Segment Start: Supplied data

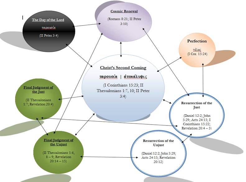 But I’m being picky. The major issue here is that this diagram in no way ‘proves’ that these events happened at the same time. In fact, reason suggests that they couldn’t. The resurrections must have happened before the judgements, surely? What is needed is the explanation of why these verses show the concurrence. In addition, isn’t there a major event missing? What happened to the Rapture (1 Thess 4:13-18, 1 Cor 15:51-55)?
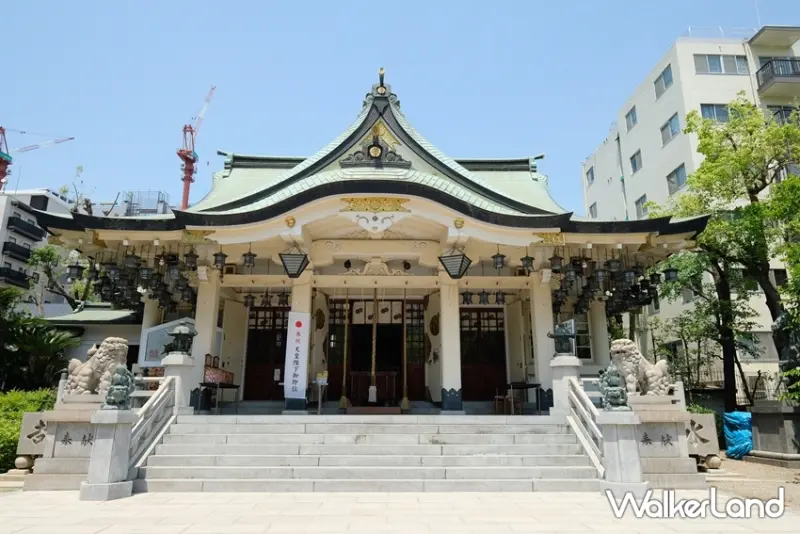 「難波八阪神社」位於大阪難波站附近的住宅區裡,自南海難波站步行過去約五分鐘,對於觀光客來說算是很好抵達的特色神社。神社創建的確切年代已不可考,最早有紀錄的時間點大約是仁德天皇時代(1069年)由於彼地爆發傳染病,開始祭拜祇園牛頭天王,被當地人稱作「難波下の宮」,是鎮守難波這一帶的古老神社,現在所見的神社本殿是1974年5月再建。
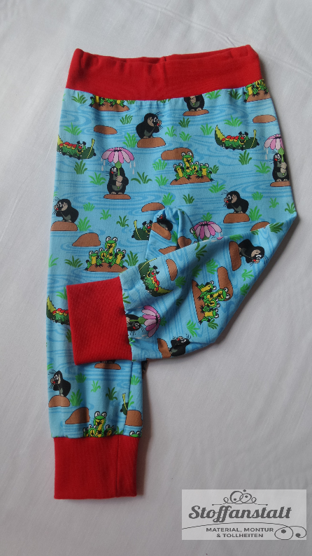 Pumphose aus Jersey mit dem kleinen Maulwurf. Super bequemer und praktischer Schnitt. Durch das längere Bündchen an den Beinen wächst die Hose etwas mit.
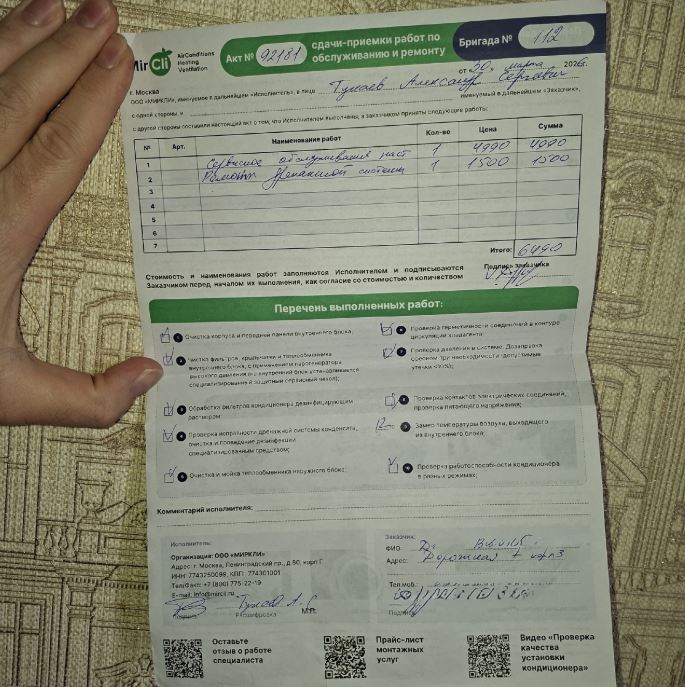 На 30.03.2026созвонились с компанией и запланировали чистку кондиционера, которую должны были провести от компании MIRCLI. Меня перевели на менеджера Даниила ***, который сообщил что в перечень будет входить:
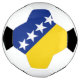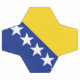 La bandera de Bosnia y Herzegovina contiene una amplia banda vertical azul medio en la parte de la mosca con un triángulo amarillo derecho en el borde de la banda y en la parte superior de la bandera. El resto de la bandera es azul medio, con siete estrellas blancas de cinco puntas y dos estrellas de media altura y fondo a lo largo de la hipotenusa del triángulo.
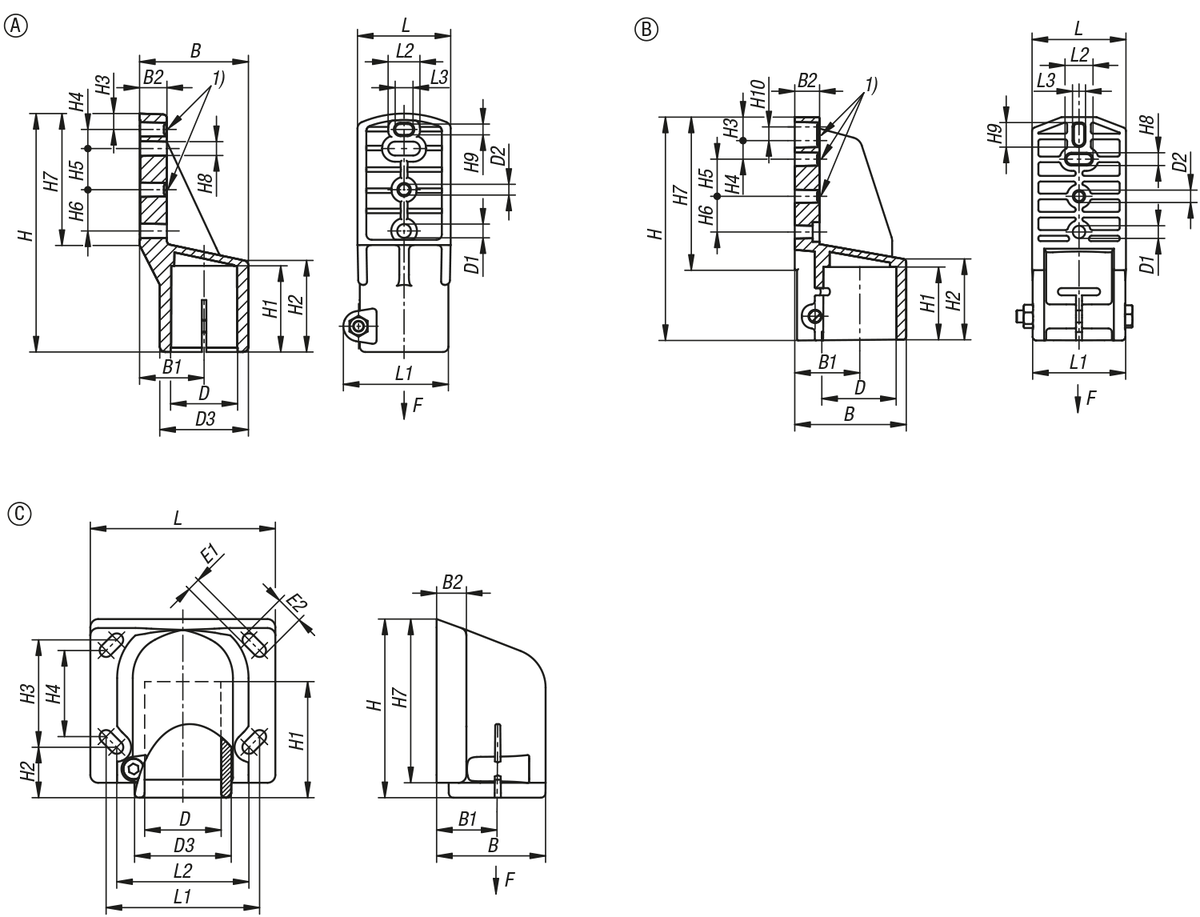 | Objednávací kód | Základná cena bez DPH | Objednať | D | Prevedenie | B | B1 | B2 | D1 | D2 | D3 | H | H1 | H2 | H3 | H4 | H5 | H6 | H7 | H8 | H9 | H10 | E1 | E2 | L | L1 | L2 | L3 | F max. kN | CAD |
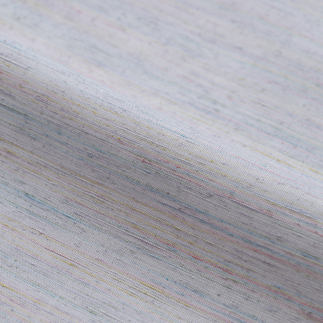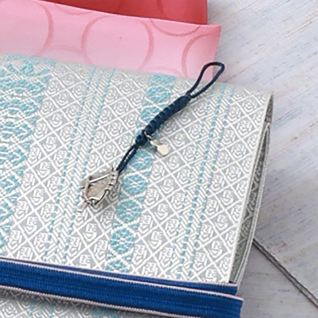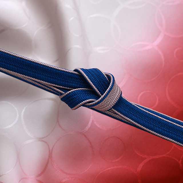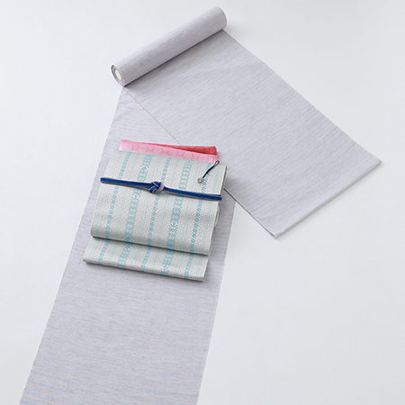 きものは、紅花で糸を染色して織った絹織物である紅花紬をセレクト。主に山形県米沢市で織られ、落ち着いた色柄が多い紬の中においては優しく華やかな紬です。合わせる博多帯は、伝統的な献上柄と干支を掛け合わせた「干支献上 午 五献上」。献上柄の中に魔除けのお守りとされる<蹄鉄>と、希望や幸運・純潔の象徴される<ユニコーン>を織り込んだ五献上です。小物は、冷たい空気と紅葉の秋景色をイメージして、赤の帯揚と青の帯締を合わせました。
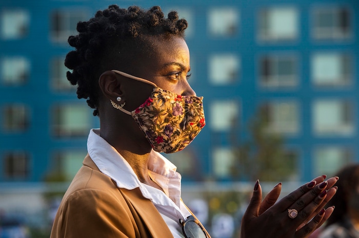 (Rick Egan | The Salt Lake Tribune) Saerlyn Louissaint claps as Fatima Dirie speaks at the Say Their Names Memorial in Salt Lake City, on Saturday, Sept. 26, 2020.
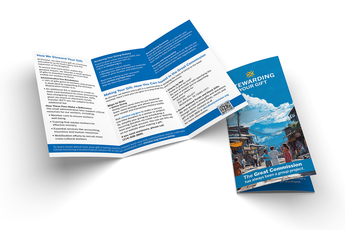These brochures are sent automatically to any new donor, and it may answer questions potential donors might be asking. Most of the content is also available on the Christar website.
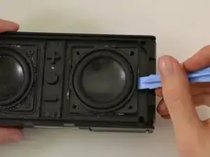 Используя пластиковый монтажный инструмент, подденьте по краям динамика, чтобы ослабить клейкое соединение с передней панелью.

Segment End: Supplied data

▶ Task statement:
Pictures aside, repeat exactly every line from the top of the listing above through the line bearing "La bandera de", inclusive.

▶ Answer space:
 But I’m being picky. The major issue here is that this diagram in no way ‘proves’ that these events happened at the same time. In fact, reason suggests that they couldn’t. The resurrections must have happened before the judgements, surely? What is needed is the explanation of why these verses show the concurrence. In addition, isn’t there a major event missing? What happened to the Rapture (1 Thess 4:13-18, 1 Cor 15:51-55)?
 「難波八阪神社」位於大阪難波站附近的住宅區裡,自南海難波站步行過去約五分鐘,對於觀光客來說算是很好抵達的特色神社。神社創建的確切年代已不可考,最早有紀錄的時間點大約是仁德天皇時代(1069年)由於彼地爆發傳染病,開始祭拜祇園牛頭天王,被當地人稱作「難波下の宮」,是鎮守難波這一帶的古老神社,現在所見的神社本殿是1974年5月再建。
 Pumphose aus Jersey mit dem kleinen Maulwurf. Super bequemer und praktischer Schnitt. Durch das längere Bündchen an den Beinen wächst die Hose etwas mit.
 На 30.03.2026созвонились с компанией и запланировали чистку кондиционера, которую должны были провести от компании MIRCLI. Меня перевели на менеджера Даниила ***, который сообщил что в перечень будет входить:
 La bandera de Bosnia y Herzegovina contiene una amplia banda vertical azul medio en la parte de la mosca con un triángulo amarillo derecho en el borde de la banda y en la parte superior de la bandera. El resto de la bandera es azul medio, con siete estrellas blancas de cinco puntas y dos estrellas de media altura y fondo a lo largo de la hipotenusa del triángulo.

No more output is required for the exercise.